Rivista Anarchica Online
A nous la libertè diario a cura di Felice Accame
L'ultimo stadio dell'ideologia turistica
Fra i più tetri e acuti racconti di fantascienza va
annoverato Il magazzino dei mondi di Robert Sheckley- roba di
almeno 25 anni fa. Vi si narra di un mondo derelitto, tra
sopravvissuti topi e detriti, dove a caro prezzo, in una baracca,
viene offerta la breve esperienza che regala all'eventuale
coraggioso cliente l'incontro con i propri desideri più
segreti. Chi supponesse che, per compensazione dello sfascio, il
tapino ambisse allo sfarzo, avrebbe torto: al magazzino dei mondi
disponibili si chiede - più banalmente, più
tragicamente - le noie di tutti i giorni, il corso e ricorso del
tempo senza qualità, quel grigiore di uno stile di vita cui,
senza avvederci di quanto valesse, abbiamo rinunciato. Il sogno
indotto e programmato, dunque, sembrerebbe essere il prossimo
surrogato del turismo di massa - lo specifico più adatto,
come si sa, al sapore delle istanze ribelli e delle individualità
refrattarie. Un'elaborazione di quest'ottima idea è al
centro di Atto di forza (Total recall), di un Paul
Verhoven che, con i soldi degli americani, sforna film non
all'altezza concettuale di quelli sfornati nell'Olanda natia (Il
quarto uomo, 1983 e Flesh and Blood, 1985), ma pur sempre
rispettabili- per spunto narrativo, per coerenza teoretica, per
suggestioni inquietanti, per costruzione di immagini e, perché
no, per la truce irriverenza che persiste a manifestare chiunque sia
il padrone (come Robocop, ad esempio). Al protagonista -
un presunto spaccapietre di un futuro planetariamente autoritario -,
conscio e subconscio impartiscono un desiderio che diventa un
ordine: accettare l'ultima soluzione dell'agenzia turistica
perfetta - un viaggio a Marte, paesaggi avventure emozioni sesso
tutto compreso e previsto, senza i fastidi di andarci davvero, ma
"implementato" nel cervello. Turista, insomma, senza
muoversi da una poltrona: la disperazione degli affittacamere, ma la
gioia del regime - se c'è chi il mondo me lo fa come voglio
io, perché darsi tanto da fare? Cambiare è né
più né meno che sostituire il dischetto nel
computer...guerra ai potenti la dichiaro nel videogame che vado ad
interpretare. Se il turismo del ventesimo secolo contribuisce come
poco alla resa sociale esportando ovunque il mercato di cui è
figlio -, il turismo mentale di Vehroven significa il disarmo
unilaterale dei subordinati.
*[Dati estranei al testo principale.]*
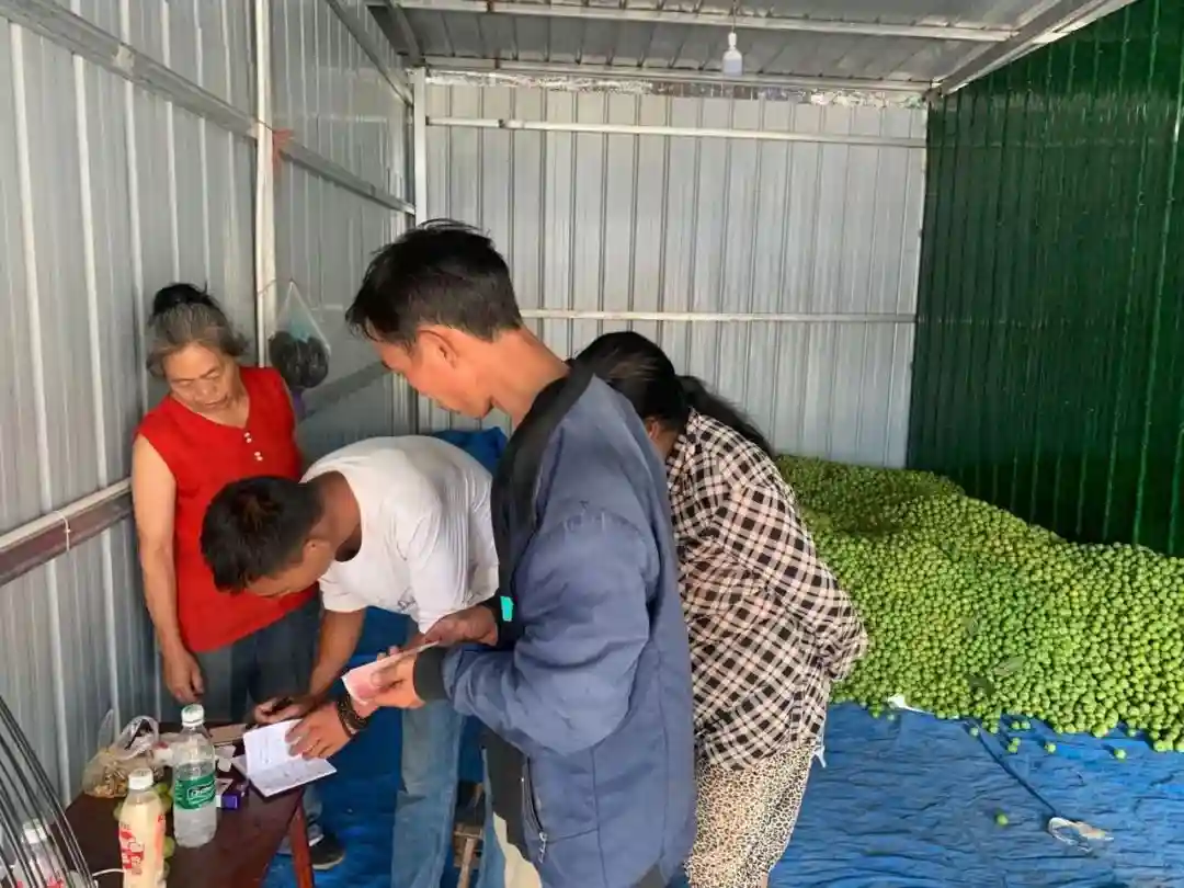 收购商忙完收购,工人们便开始分类、包装,第一时间将水果运送到目的地销售。

Che poi- visto che pagano gli americani
e che il successo laggiù è pura questione di quantità
- al nostro eroe il viaggio metaforico vada male e gli tocchi
intraprenderlo davvero, e che da lì in poi si trovi a lottare
ed a vincere in nome dell'amore e della libertà (e che a noi
spettatori tocchi di assistere, in definitiva, ad un fumettaccio di
avventure mozzafiato e mozzatutto, dipinte tuttavia sul cupo fondale
di quel che ci attende un domani), è questione di secondaria
importanza. Il film pare complessivamente poca cosa- i tre o quattro
colpi di genio che garantiscono autentica la firma del regista (i
rapporti ambigui fra marito e moglie, alcune sequenze del bordello
marziano, il rifugio simbiotico del capo della resistenza) non
possono da soli conferirgli lo status del capolavoro - e la
presenza di Schwarzenegger costituisce uno scotto non lieve da
pagare in termini di sradicamenti, forzutaggini, sovrumanerie,
schiodamenti, frantumazioni e battutacce di commiato all'ultima
frattaglia del cattivo di turno. E tuttavia Atto di forza va
visto e apprezzato per quel che può dare: nemmeno tanto sotto
sotto c'è lo sberleffo del regista per chi lo paga; il lieto
fine è manifestamente bugiardo e la vena pessimista è
genuina. L'uomo è una macchina, ma a differenza delle tante
altre ha un programma - grazie al quale si duplica ed evolve:
attenti a chi pretende di autolegittimarsi come programmatore.